Вместе с тем Рюмин оставался в должности старшего следователя. Его карьера, несмотря на все старания, как-то буксовала. А в мае 1951-го дала сбой. Как показал на следствии Рюмин: «Управление кадров МГБ СССР заинтересовалось неправильными сведениями, которые я давал о своих родственниках. От меня потребовали объяснений — почему я скрываю известные мне о них компрометирующие данные». Оказалось, Рюмин скрыл истинное имущественное положение отца (а он был весьма зажиточным), кроме того, отец жены Рюмина служил в армии Колчака.
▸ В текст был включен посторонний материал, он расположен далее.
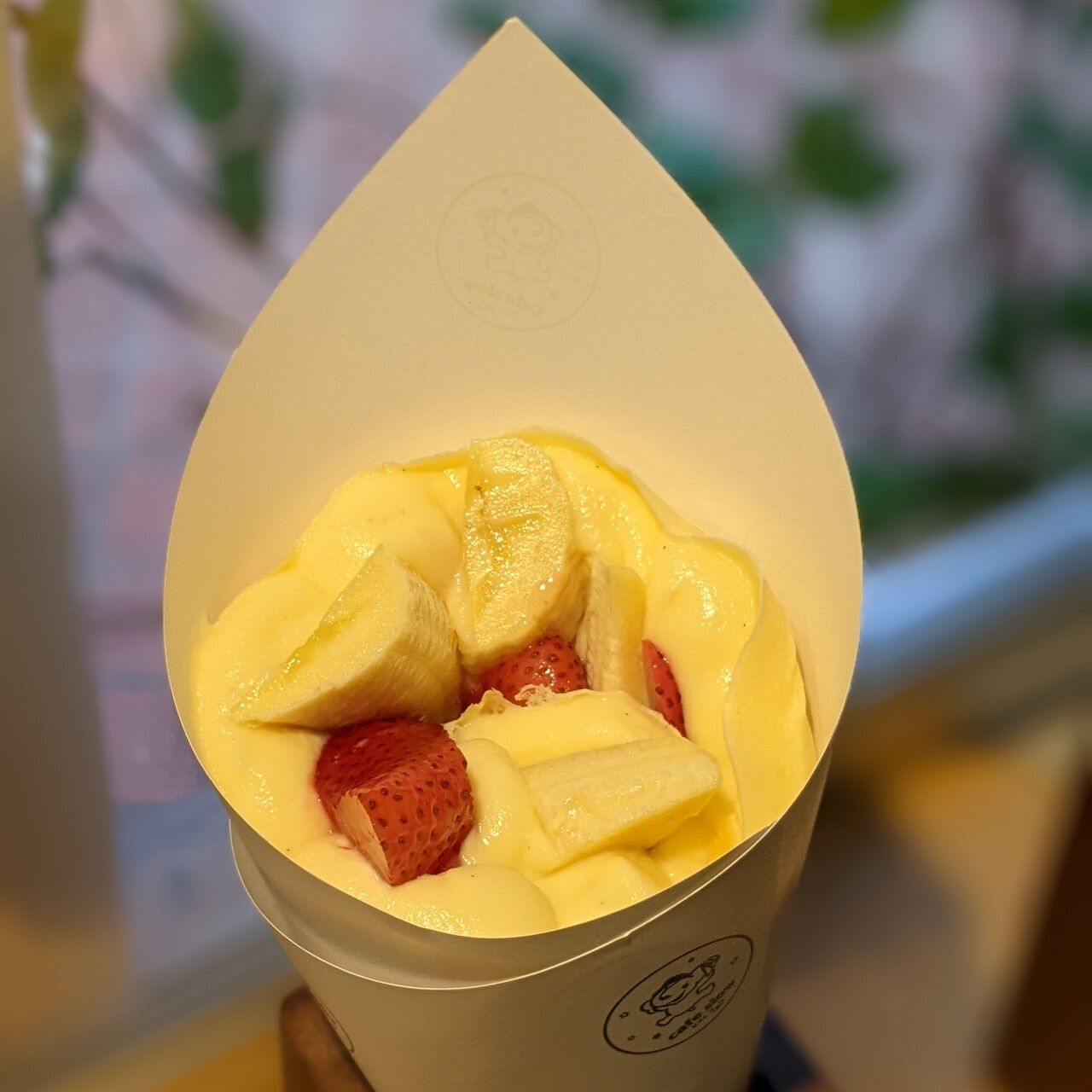 解凍したいちごとバナナにカスタードを合わせた、やさしい甘さのクレープ🍓🍌

Ну и, наконец, Рюмин потерял в автобусе следственное дело. Помимо этого, ему объявили партийный выговор за то, что не зафиксировал показания арестованного врача, профессора Я.Г. Этингера, умершего под следствием у Рюмина.
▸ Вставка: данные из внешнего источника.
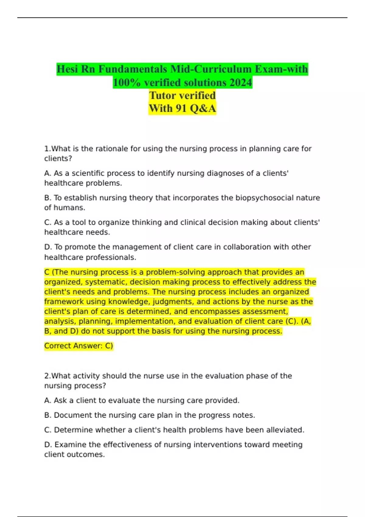 Hesi Rn Fundamentals Mid-Curriculum Exam-with 100% verified solutions 2024

В общем, положение было почти безвыходное. Рюмин решил перейти в наступление и спасти себя. Подал заявление в ЦК ВКП(б) с обвинениями против министра Абакумова. На следствии он рассказал о мотивах этого поступка: «Обдумывая создавшееся положение, я пришел к выводу, что дело Этингера может послужить для меня удобным и убедительным поводом для того, чтобы, с одной стороны, выступить в роли разоблачителя Абакумова и уйти таким образом от ответственности за совершенные мной преступления, а с другой — застраховать себя на будущее от каких-либо более серьезных неприятностей, чем объявление мне выговора за то, что я не зафиксировал показаний Этингера о его преступных высказываниях и связях».

 

Ва-банк

Заявление Рюмина, датированное 2 июня 1951-го, совпало с желанием Сталина устроить серьезную кадровую чистку в МГБ. В заявлении Рюмина содержался ряд обвинений против Абакумова — он «погасил» очень «перспективное» дело арестованного Этингера, который мог дать показания о «врачах-вредителях», скрыл от ЦК важную информацию о недостатках в контрразведывательной работе в Германии на предприятиях «Висмута», где добывалась урановая руда и, наконец, грубо нарушал установленные решениями партии и правительства правила ведения следствия. В заявлении Рюмин назвал Абакумова «опасным человеком» на важном государственном посту.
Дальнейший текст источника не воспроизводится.